Work item: Output the listing word for word, minus images.

Dataset excerpt:
# # # # #

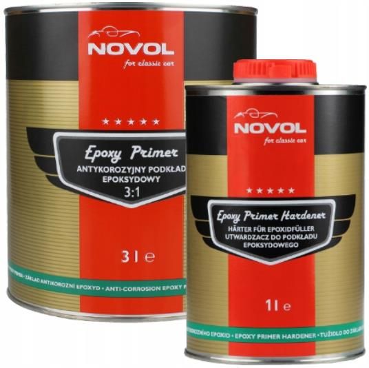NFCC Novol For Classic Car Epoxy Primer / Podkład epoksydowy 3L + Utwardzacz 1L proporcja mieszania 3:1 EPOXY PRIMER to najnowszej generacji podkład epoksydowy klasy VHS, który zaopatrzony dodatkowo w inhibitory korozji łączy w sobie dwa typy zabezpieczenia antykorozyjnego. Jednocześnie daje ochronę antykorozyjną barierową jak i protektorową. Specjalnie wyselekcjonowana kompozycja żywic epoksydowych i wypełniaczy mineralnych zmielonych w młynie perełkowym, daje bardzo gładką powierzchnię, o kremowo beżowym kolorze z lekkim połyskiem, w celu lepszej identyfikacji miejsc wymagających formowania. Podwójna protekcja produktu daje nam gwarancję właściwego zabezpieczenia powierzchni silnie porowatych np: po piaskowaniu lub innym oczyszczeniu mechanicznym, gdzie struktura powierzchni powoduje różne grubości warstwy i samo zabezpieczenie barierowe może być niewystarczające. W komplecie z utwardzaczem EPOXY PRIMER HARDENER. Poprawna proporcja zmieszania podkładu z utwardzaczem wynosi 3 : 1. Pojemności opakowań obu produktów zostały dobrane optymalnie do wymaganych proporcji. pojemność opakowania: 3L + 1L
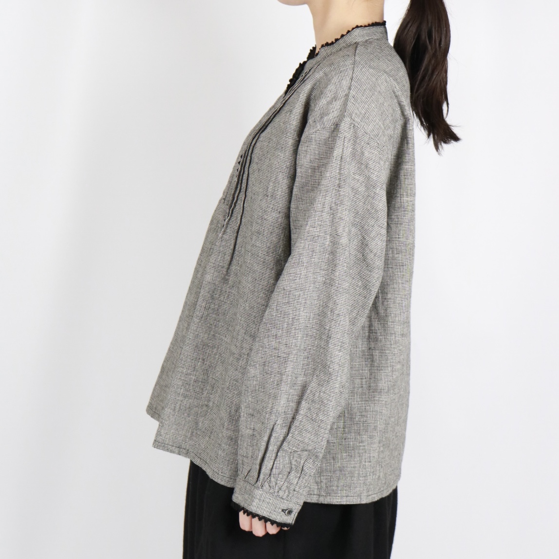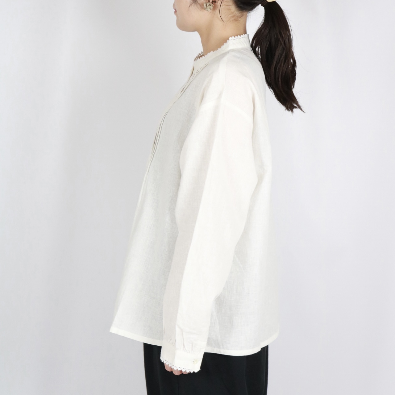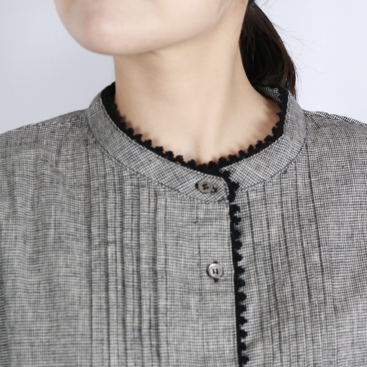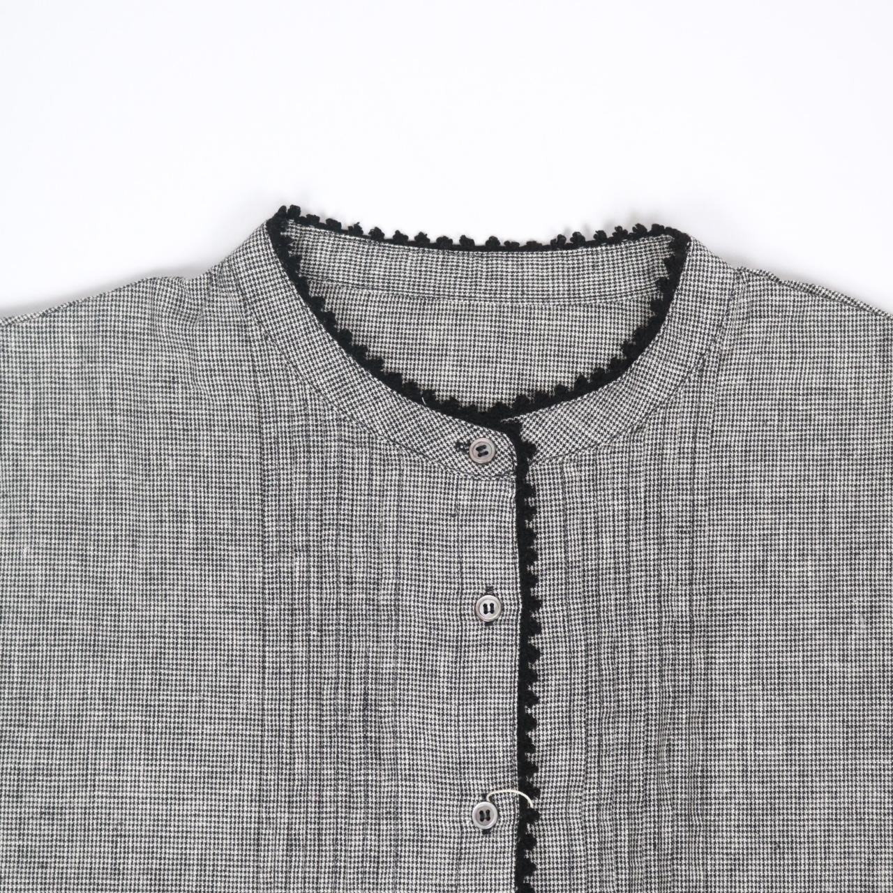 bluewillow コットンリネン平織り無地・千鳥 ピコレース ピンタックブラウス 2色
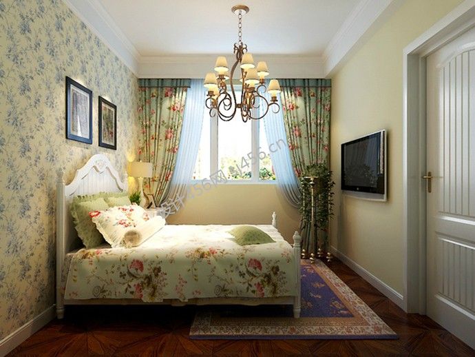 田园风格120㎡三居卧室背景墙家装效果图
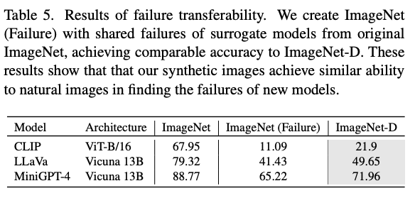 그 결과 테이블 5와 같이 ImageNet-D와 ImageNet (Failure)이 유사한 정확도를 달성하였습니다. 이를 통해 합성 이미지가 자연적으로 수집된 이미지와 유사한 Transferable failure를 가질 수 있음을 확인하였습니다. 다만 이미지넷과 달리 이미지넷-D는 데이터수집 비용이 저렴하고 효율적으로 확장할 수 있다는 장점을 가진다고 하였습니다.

# # # # #

Solution:
NFCC Novol For Classic Car Epoxy Primer / Podkład epoksydowy 3L + Utwardzacz 1L proporcja mieszania 3:1 EPOXY PRIMER to najnowszej generacji podkład epoksydowy klasy VHS, który zaopatrzony dodatkowo w inhibitory korozji łączy w sobie dwa typy zabezpieczenia antykorozyjnego. Jednocześnie daje ochronę antykorozyjną barierową jak i protektorową. Specjalnie wyselekcjonowana kompozycja żywic epoksydowych i wypełniaczy mineralnych zmielonych w młynie perełkowym, daje bardzo gładką powierzchnię, o kremowo beżowym kolorze z lekkim połyskiem, w celu lepszej identyfikacji miejsc wymagających formowania. Podwójna protekcja produktu daje nam gwarancję właściwego zabezpieczenia powierzchni silnie porowatych np: po piaskowaniu lub innym oczyszczeniu mechanicznym, gdzie struktura powierzchni powoduje różne grubości warstwy i samo zabezpieczenie barierowe może być niewystarczające. W komplecie z utwardzaczem EPOXY PRIMER HARDENER. Poprawna proporcja zmieszania podkładu z utwardzaczem wynosi 3 : 1. Pojemności opakowań obu produktów zostały dobrane optymalnie do wymaganych proporcji. pojemność opakowania: 3L + 1L
 bluewillow コットンリネン平織り無地・千鳥 ピコレース ピンタックブラウス 2色
 田园风格120㎡三居卧室背景墙家装效果图
 그 결과 테이블 5와 같이 ImageNet-D와 ImageNet (Failure)이 유사한 정확도를 달성하였습니다. 이를 통해 합성 이미지가 자연적으로 수집된 이미지와 유사한 Transferable failure를 가질 수 있음을 확인하였습니다. 다만 이미지넷과 달리 이미지넷-D는 데이터수집 비용이 저렴하고 효율적으로 확장할 수 있다는 장점을 가진다고 하였습니다.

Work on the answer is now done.